■ **Given information**:
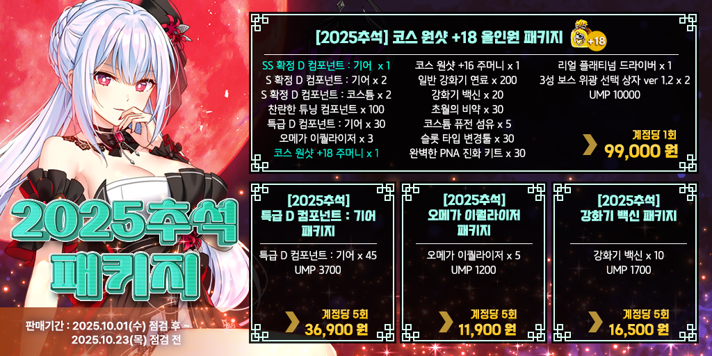 2025년 10월 1일 업데이트 후 추가되는 ‘2025추석 패키지’ 상품 관련하여 안내드립니다.
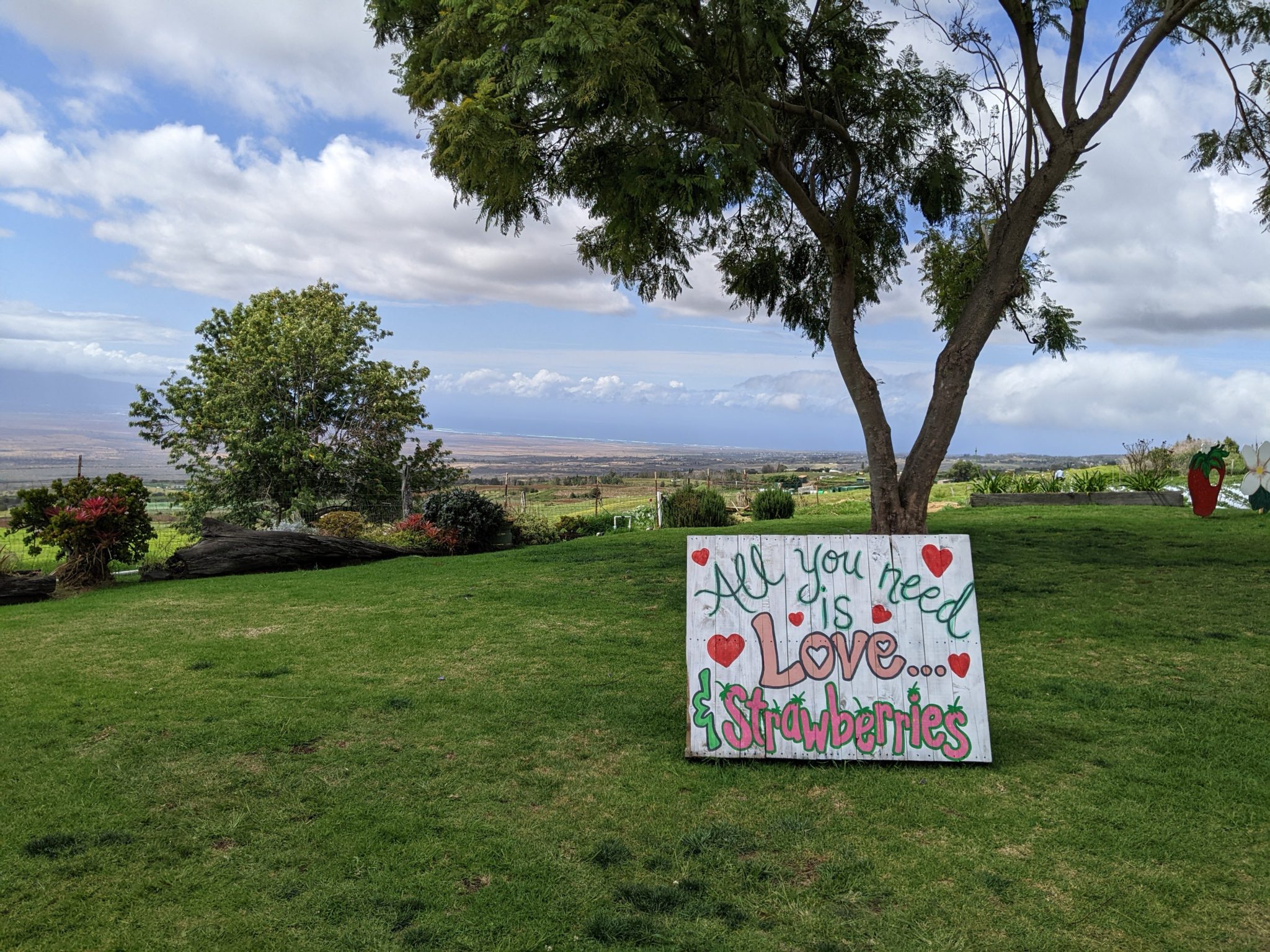 After walking around target for a little, we hop back into the car and start driving up towards the volcano. After a little bit of driving we stop off at Kula Country Farms. It’s like a small road side fruit stand with some amazing views of Maui.
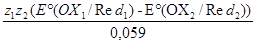 E(OX1/Red1) - E(OX2/Red2) = .
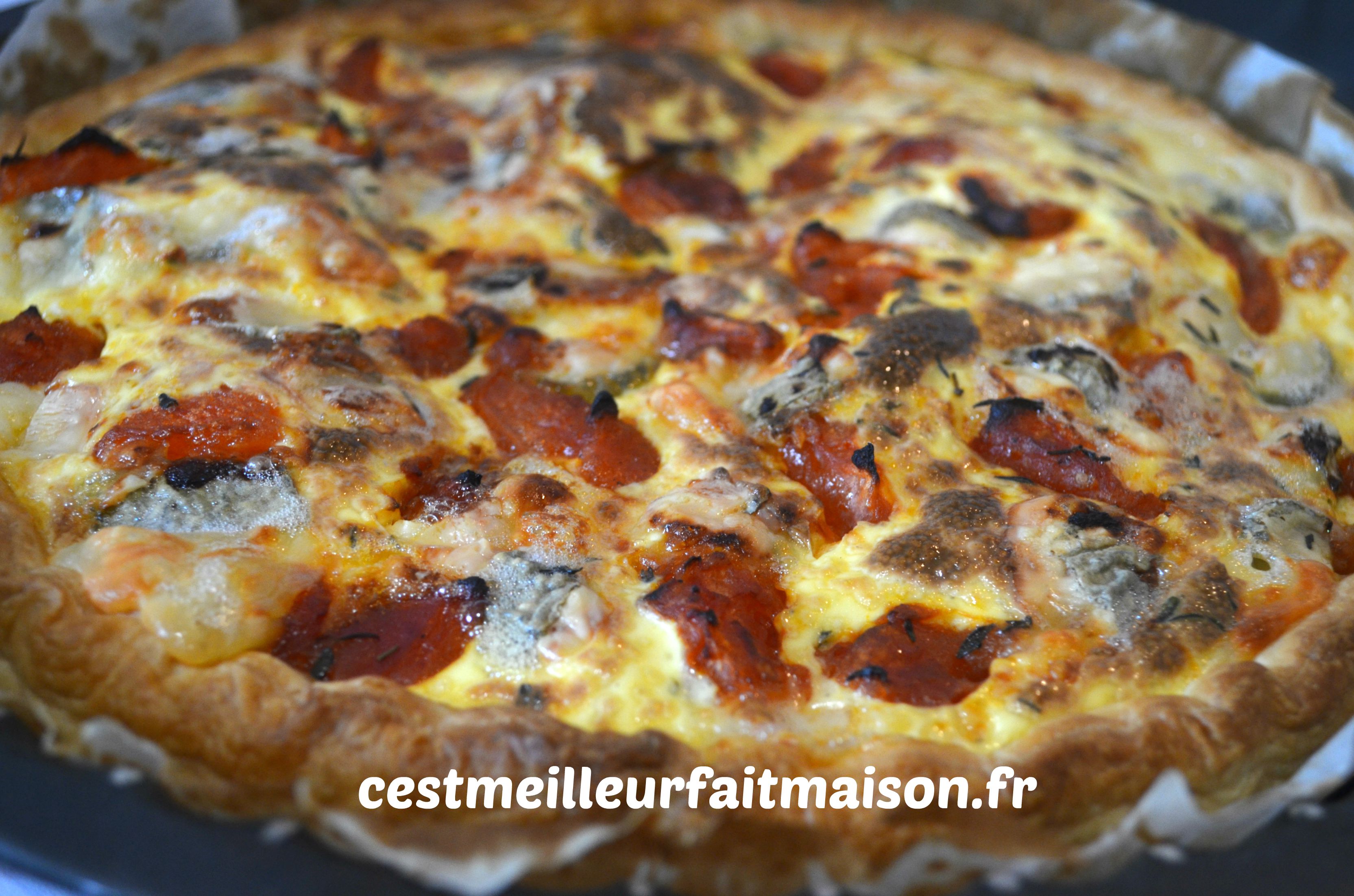 5- Couper le fromage en gros cubes. Mettre les tomates et le fromage dans la quiche et parsemer de thym. Enfourner pour 25 à 30 min.

■ **Task instructions**: Reproduce word for word the lines running from the line with "E(OX1/Red1) - E(OX2/Red2) = ." through the end of the data, both included, and nothing else; leave out the pictures.

■ **Answer section**:
 E(OX1/Red1) - E(OX2/Red2) = .
 5- Couper le fromage en gros cubes. Mettre les tomates et le fromage dans la quiche et parsemer de thym. Enfourner pour 25 à 30 min.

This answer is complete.